DATASET EXTRACT:
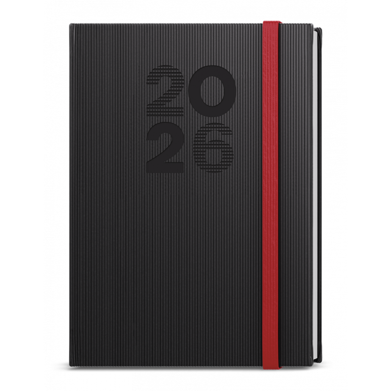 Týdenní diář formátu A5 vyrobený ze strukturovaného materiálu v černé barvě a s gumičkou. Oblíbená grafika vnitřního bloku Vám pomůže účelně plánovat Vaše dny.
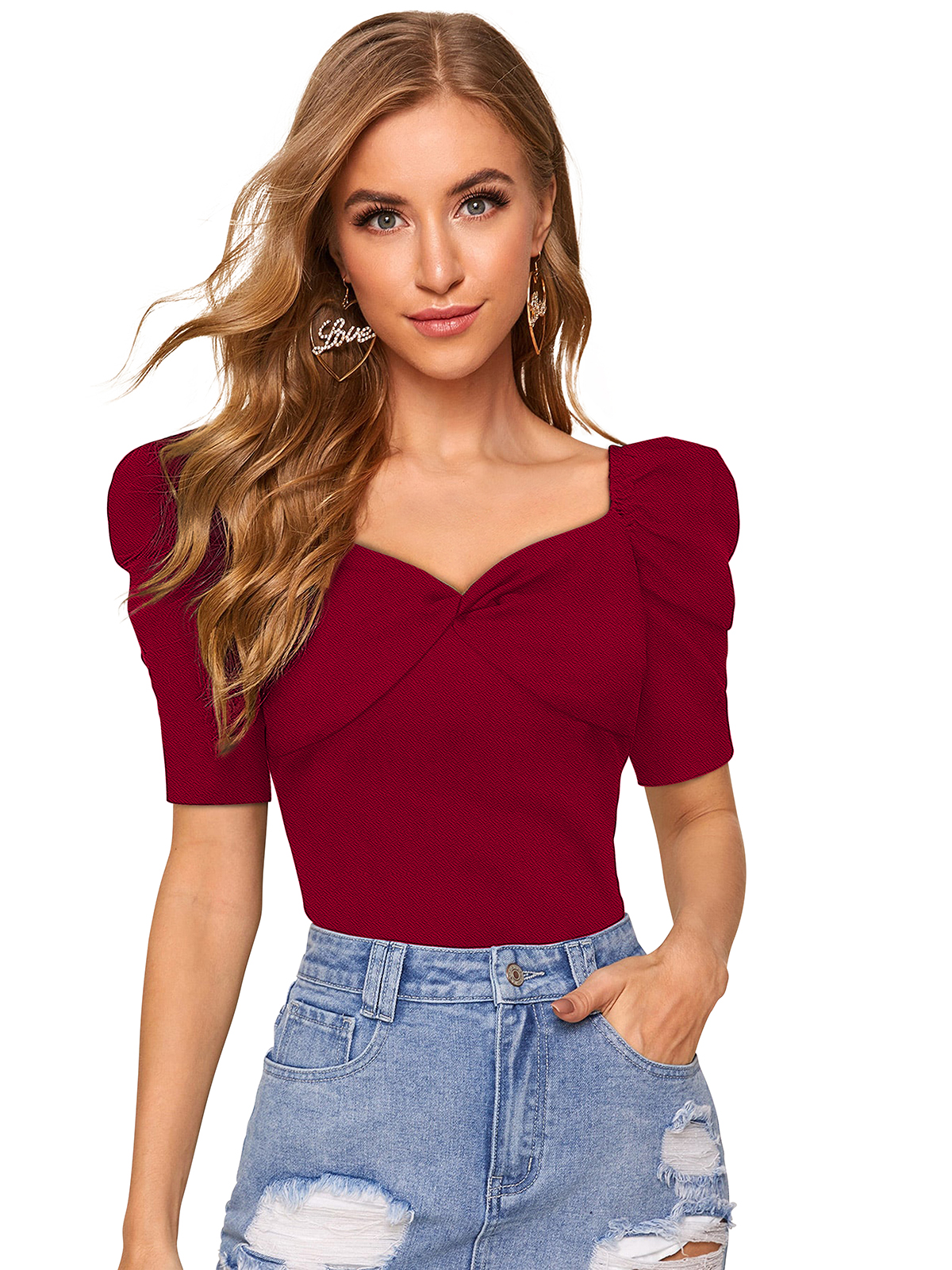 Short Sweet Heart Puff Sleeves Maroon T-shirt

...

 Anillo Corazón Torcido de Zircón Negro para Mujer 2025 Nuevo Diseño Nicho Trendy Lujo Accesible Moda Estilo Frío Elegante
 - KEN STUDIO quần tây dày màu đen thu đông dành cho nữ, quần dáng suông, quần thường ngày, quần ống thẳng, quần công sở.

TRY IT: Scan the lines above for "Anillo Corazón Torcido" and for "- KEN STUDIO". Repeat exactly the line holding each of them and every line in between.

RESULT OF THIS TASK:
 Anillo Corazón Torcido de Zircón Negro para Mujer 2025 Nuevo Diseño Nicho Trendy Lujo Accesible Moda Estilo Frío Elegante
 - KEN STUDIO quần tây dày màu đen thu đông dành cho nữ, quần dáng suông, quần thường ngày, quần ống thẳng, quần công sở.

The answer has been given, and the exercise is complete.